Converts images into numbers, then applying a filter to create Convolved Feature
Slow to train
Fast(er) for classification
No iteration required
‘filter‘ or ‘kernel’ or ‘feature detector’ and the matrix formed by sliding the filter over the image and computing the dot product is called the ‘Convolved Feature’ or ‘Activation Map’ or the ‘Feature Map‘. It is important to note that filters acts as feature detectors from the original input image.
Spatial Pooling (also called subsampling or downsampling) reduces the dimensionality of each feature map but retains the most important information. Spatial Pooling can be of different types: Max, Average, Sum etc.
Downsample input samples – form of data pre-processing
Reduces dimensionality
Helps over-fitting
Reduces computational cost
Dropout: refers to dropping out the nodes (input and hidden layer) in a neural network. All the forward and backwards connections with a dropped node are temporarily removed, thus creating a new network architecture out of the parent network. The nodes are dropped by a dropout probability of p.
5. Generative Adversarial Networks
Generative Adversarial Networks GAN: are an approach to generative modeling using deep learning methods, such as convolutional neural networks.
One network produces answers (generative)
Another network distinguishes between the real and the generated answers (adversarial)
Train these networks competitively, so that after some time, neither network can make further progress against the other.
GANs are hard to train and can get into mode collapse
How to train GANs
Step 1: Define the problem. Do you want to generate fake images or fake text. collect data for it.
Step 2: Define architecture of GAN. Define how your GAN should look like.
Eg. multi layer perceptrons, or convolutional neural networks? Depends on problem – eg. Images or numbers
Step 3: Train Discriminator on real data for n epochs.
Step 4: Generate fake inputs for generator and train discriminator on fake data. Get generated data and let the discriminator correctly predict them as fake.
Step 5: Train generator with the output of discriminator. Now when the discriminator is trained, you can get its predictions and use it as an objective for training the generator. Train the generator to fool the discriminator.
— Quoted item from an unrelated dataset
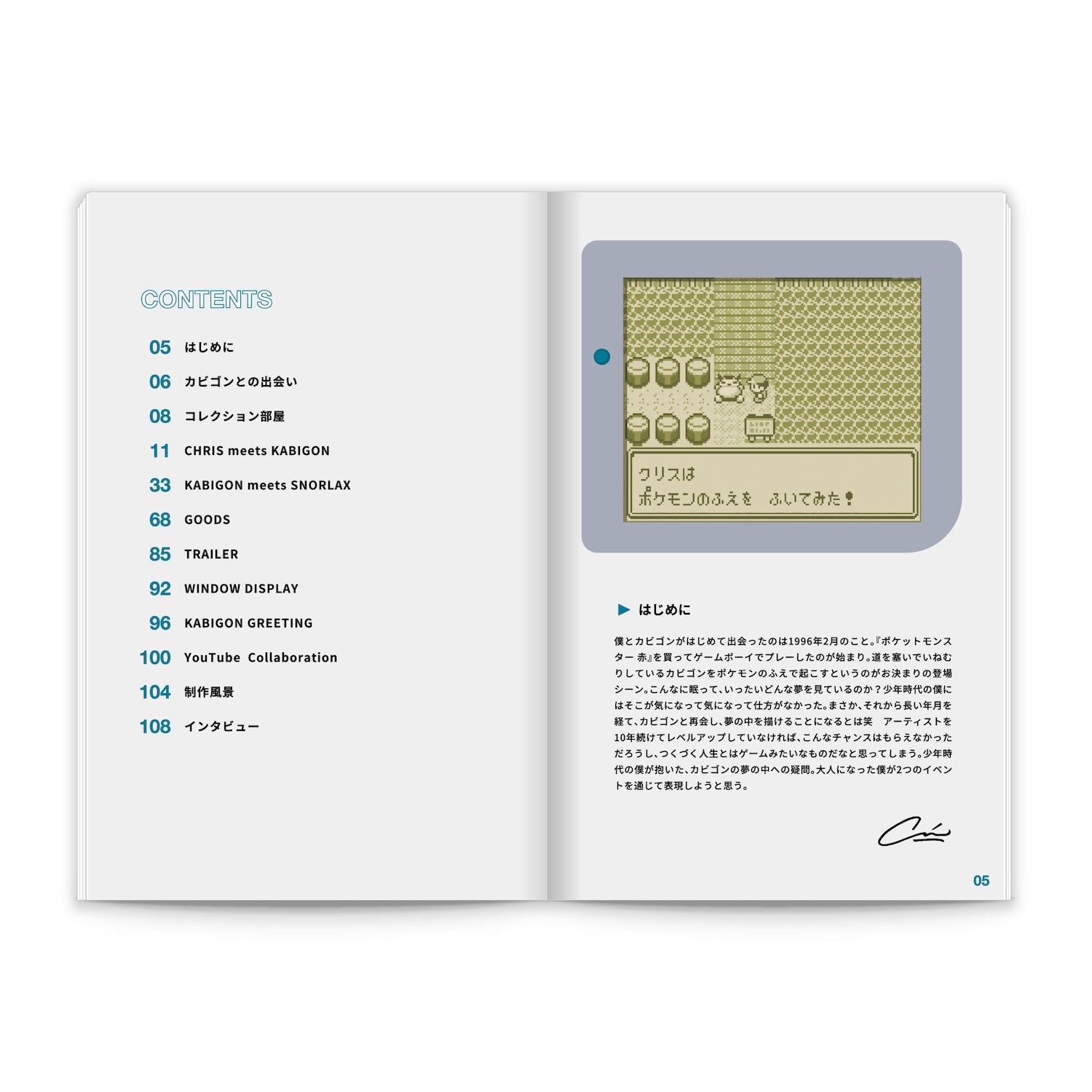 「プロジェクトカビゴン×CHRIS」としてスタートした伊勢丹での第一弾企画「CHRIS meets KABIGON」と、KOMIYAMA TOKYO Gでの第二弾企画「KABIGON meets SNORLAX」での展示作品やグッズ、映像等を収録した公式図録も販売いたします。受注特典として、CHRISが描いたCHRIS ver.のステッカーが付いてきます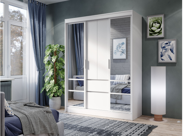 Шкаф-купе Симпл сочетает функциональность, простоту и удобство использования. Важное преимущество модели — наличие зеркал: с ними комната становится визуально объемнее и светлее. Внутри расположены удобные отделения для хранения одежды, обуви и аксессуаров. Модель идеально дополнит современный интерьер спальни, гостиной или прихожей.

Step 6: Repeat step 3 to step 5 for a few epochs.
Implications
Potentially you can duplicate almost anything
Generate fake news
Create books and novels with unimaginable stories
6. Natural Language Processing and Understanding
Processing: Manipulation of text and other media related to language
Text, handwriting, speech
Language Statistics
Read, decipher, understand, and make sense of the human languages in a manner that is valuable
Understanding
Mapping words to knowledge
Acting on text corpora
Used in language processing
Speech recognition
Handwriting Recognition
Language Translation
Forensics: writer recognition
Speech and language technology relies on formal models, or representations, of knowledge of language at different levels
phonology and phonetics
morphology, syntax, semantics
pragmatics and discourse.
Methodologies and technologies
NLP Pipeline
Statistical/ML Tools
Knowledge Graphs
Language Models
Deep Networks
Applications
Document Processing
Question Answering
Machine Translation
Conversational Assistants
Language processing
Part-of-speech tagging: It involves identifying the part of speech for every word.
Noun, verb, etc.
Parsing: It involves undertaking grammatical analysis for the provided sentence.
Sentence breaking: It involves placing sentence boundaries on a large piece of text.
Stemming: It involves cutting the inflected words to their root form
Tradition and traditional have the same stem “tradit”
Semantics
Named entity recognition (NER): It involves determining the parts of a text that can be identified and categorized into preset groups.
names of people
names of places.
Word sense disambiguation: It involves giving meaning to a word based on the context.
Apple the fruit vs Apple the computer
Natural language generation: It involves using databases to derive semantic intentions and convert them into human language.